### What this task involves:
Quote the listing in full, exactly as given, minus any pictures.

### Available data:

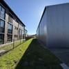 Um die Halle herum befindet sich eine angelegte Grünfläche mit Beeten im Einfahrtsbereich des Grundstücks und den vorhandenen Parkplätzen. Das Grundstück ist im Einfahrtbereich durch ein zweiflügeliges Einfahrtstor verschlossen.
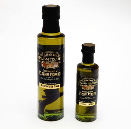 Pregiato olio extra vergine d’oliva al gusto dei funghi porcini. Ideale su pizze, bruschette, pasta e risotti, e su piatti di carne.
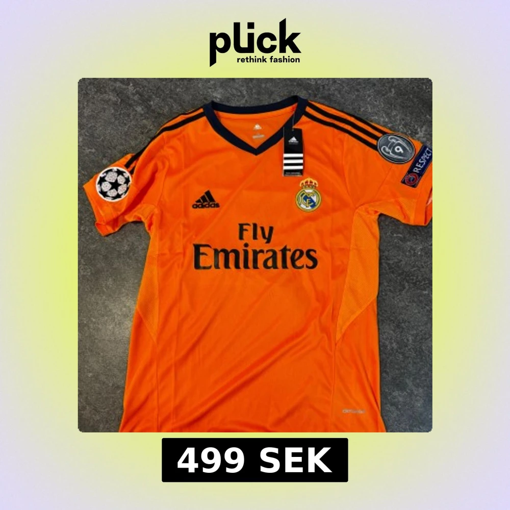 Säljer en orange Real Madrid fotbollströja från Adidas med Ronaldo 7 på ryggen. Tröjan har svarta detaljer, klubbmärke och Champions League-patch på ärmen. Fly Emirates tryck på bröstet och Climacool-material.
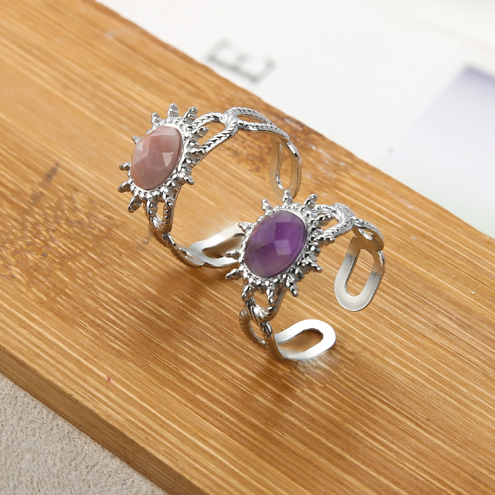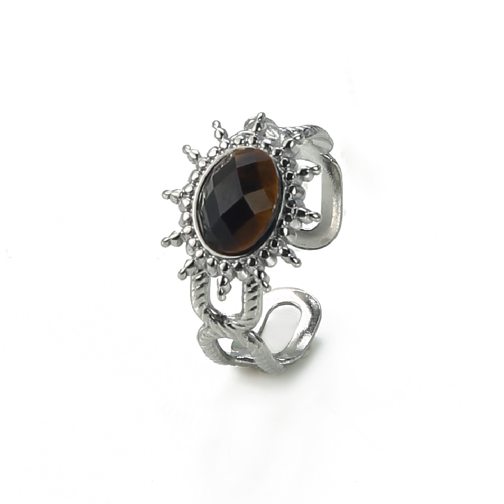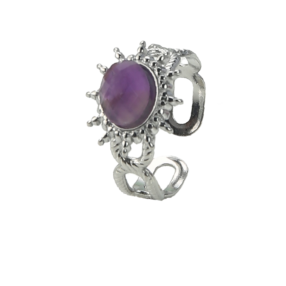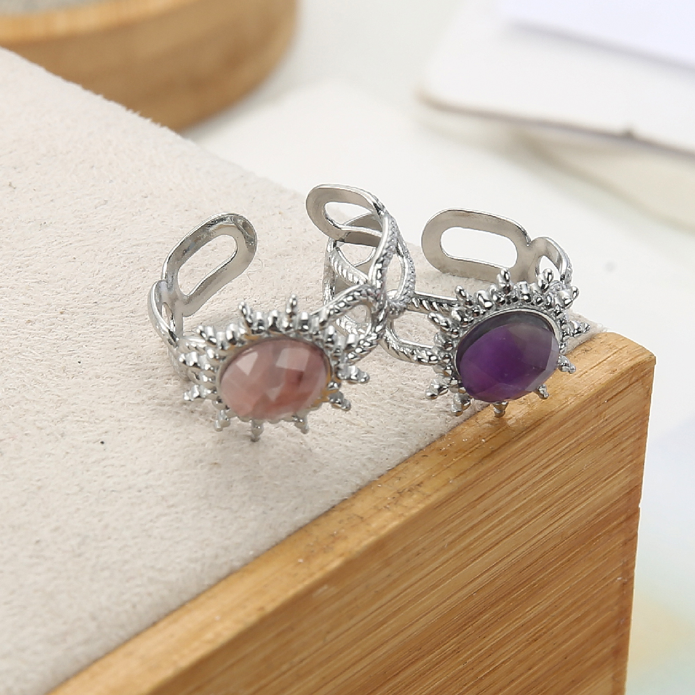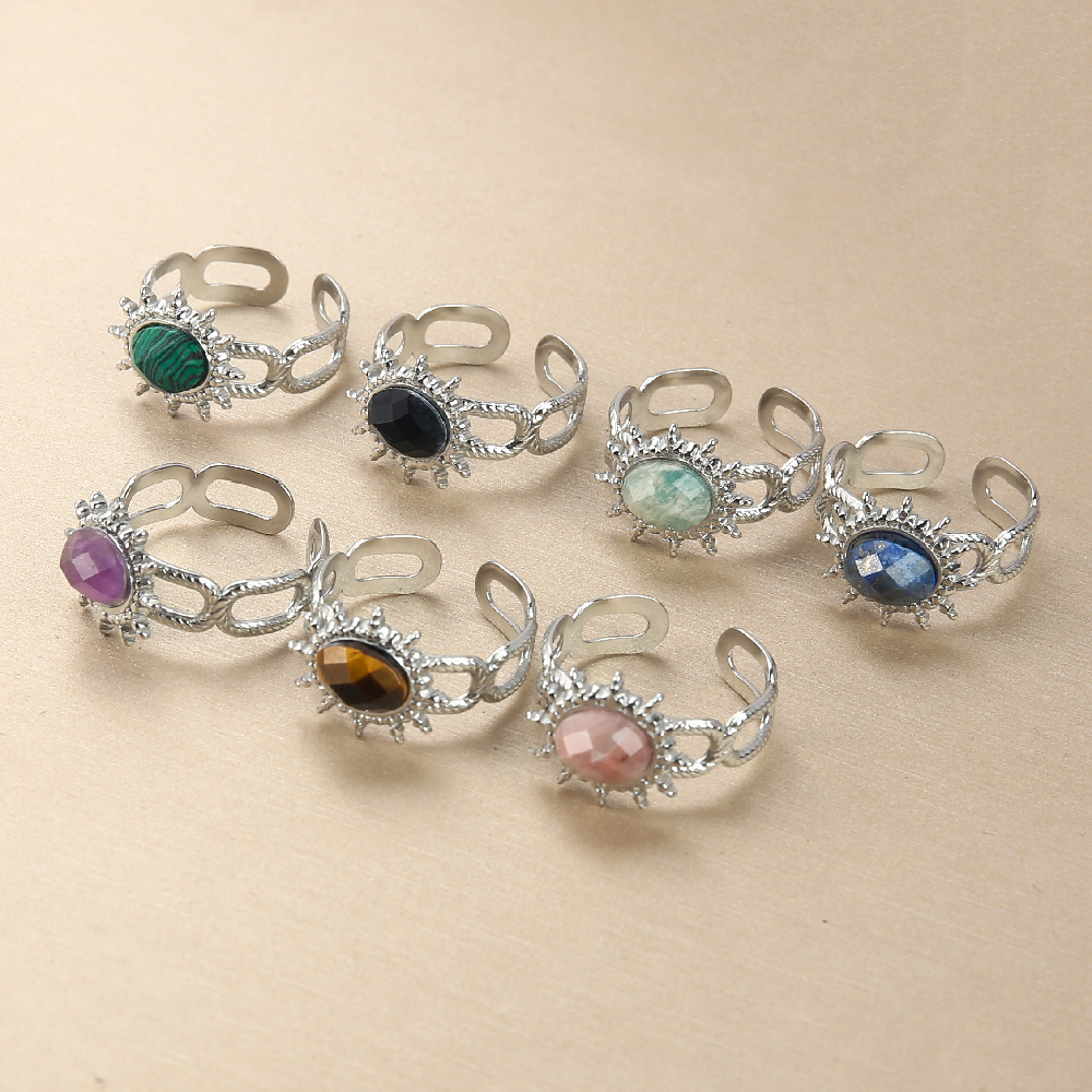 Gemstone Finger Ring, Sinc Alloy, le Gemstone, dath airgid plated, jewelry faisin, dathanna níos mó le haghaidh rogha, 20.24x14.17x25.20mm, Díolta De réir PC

### Solution for this exercise:
 Um die Halle herum befindet sich eine angelegte Grünfläche mit Beeten im Einfahrtsbereich des Grundstücks und den vorhandenen Parkplätzen. Das Grundstück ist im Einfahrtbereich durch ein zweiflügeliges Einfahrtstor verschlossen.
 Pregiato olio extra vergine d’oliva al gusto dei funghi porcini. Ideale su pizze, bruschette, pasta e risotti, e su piatti di carne.
 Säljer en orange Real Madrid fotbollströja från Adidas med Ronaldo 7 på ryggen. Tröjan har svarta detaljer, klubbmärke och Champions League-patch på ärmen. Fly Emirates tryck på bröstet och Climacool-material.
 Gemstone Finger Ring, Sinc Alloy, le Gemstone, dath airgid plated, jewelry faisin, dathanna níos mó le haghaidh rogha, 20.24x14.17x25.20mm, Díolta De réir PC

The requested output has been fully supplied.